In current implementation, during the session holder cleanup of non-ML
sessions, in mlCache.clear() ([code
link](https://github.com/apache/spark/blob/43f7936d7b3a4701e3d0fdb44663006cbe0db70b/sql/connect/server/src/main/scala/org/apache/spark/sql/connect/service/SessionHolder.scala#L381))
, the offloadedModelsDir is still eagerly created and will need to be deleted,
which will cause ~10 ms unnecessary latency.
In this PR, we are making the directory creation lazy to avoid deleting
empty directories when there is no SparkML operations in sessions.
### Why are the changes needed?
Improve the performance of ReleaseSession RPC by ~10ms.
### Does this PR introduce _any_ user-facing change?
No.
### How was this patch tested?
New test and existing tests.
### Was this patch authored or co-authored using generative AI tooling?
No.
Closes #53475 from xi-db/lazy-ml-dir-creation.

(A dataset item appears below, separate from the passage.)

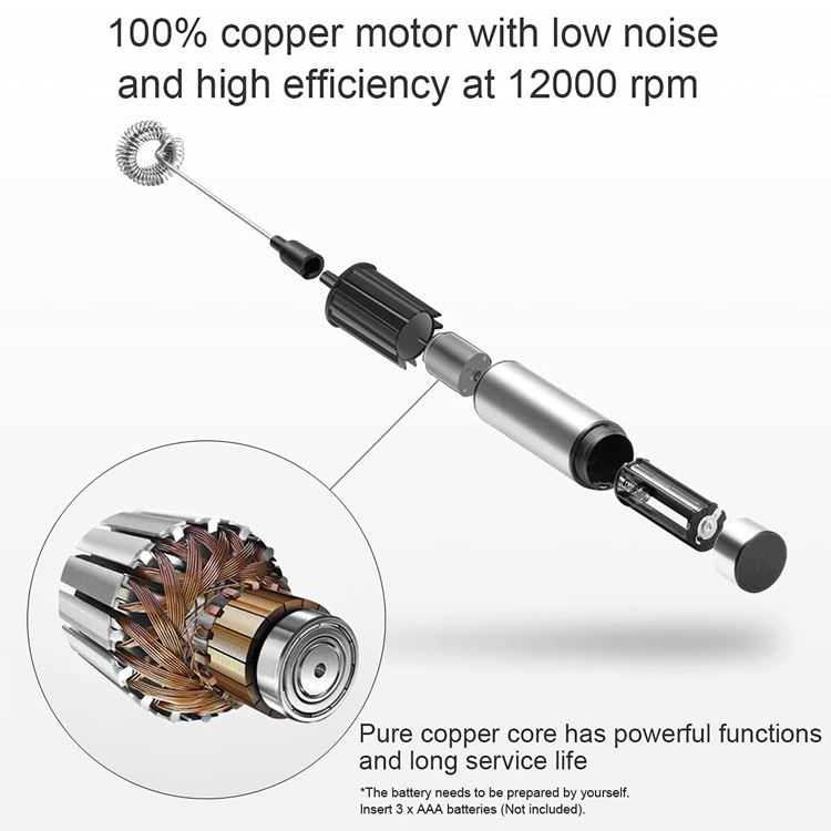 Mousseur à lait en acier inoxydable à piles, crée une mousse riche et crémeuse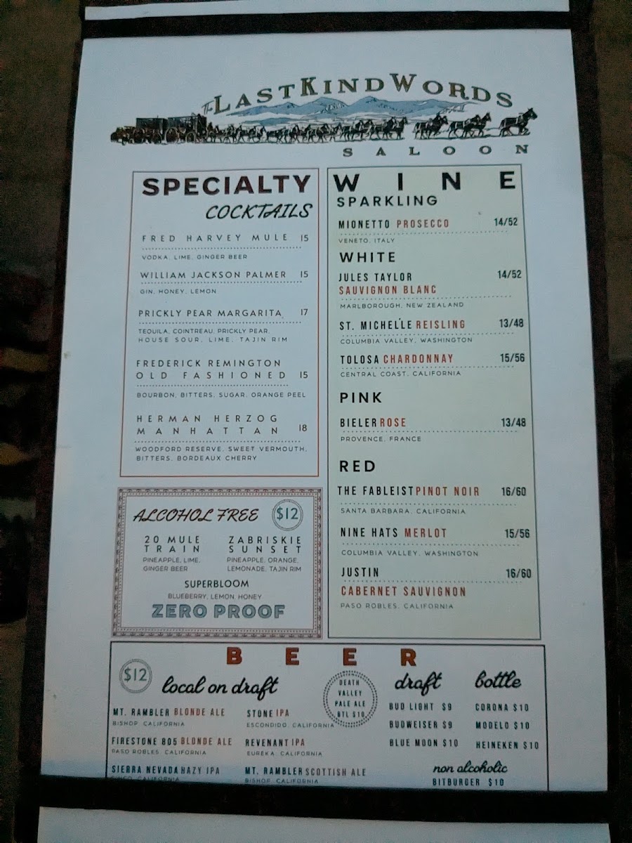 Although some guests felt the establishment could benefit from background music, many are initially drawn in by its authenticity and charm—elements that help create memorable experiences. Regardless of individual tastes, Last Kind Words Saloon stands as a testament to good quality fare made all the more enjoyable by the rustic, natural surroundings of Death Valley.

Authored-by: Xi Lyu <[email protected]>
Signed-off-by: Weichen Xu <[email protected]>
---
.../org/apache/spark/sql/connect/ml/MLCache.scala | 29 +++++++++++++++++++---
.../spark/sql/connect/service/SessionHolder.scala | 3 ++-
.../org/apache/spark/sql/connect/ml/MLSuite.scala | 29 ++++++++++++++++++++++
3 files changed, 56 insertions(+), 5 deletions(-)
diff --git
a/sql/connect/server/src/main/scala/org/apache/spark/sql/connect/ml/MLCache.scala
b/sql/connect/server/src/main/scala/org/apache/spark/sql/connect/ml/MLCache.scala
index 7761c0078b27..e130e637e820 100644
---
a/sql/connect/server/src/main/scala/org/apache/spark/sql/connect/ml/MLCache.scala
+++
b/sql/connect/server/src/main/scala/org/apache/spark/sql/connect/ml/MLCache.scala
@@ -20,9 +20,10 @@ import java.io.File
import java.nio.file.{Files, Path, Paths}
import java.util.UUID
import java.util.concurrent.{ConcurrentHashMap, ConcurrentMap, TimeUnit}
-import java.util.concurrent.atomic.AtomicLong
+import java.util.concurrent.atomic.{AtomicBoolean, AtomicLong}
import scala.collection.mutable
+import scala.util.control.NonFatal
import com.google.common.cache.{CacheBuilder, RemovalNotification}
@@ -44,12 +45,17 @@ private[connect] class MLCache(sessionHolder:
SessionHolder) extends Logging {
private[ml] val totalMLCacheInMemorySizeBytes: AtomicLong = new AtomicLong(0)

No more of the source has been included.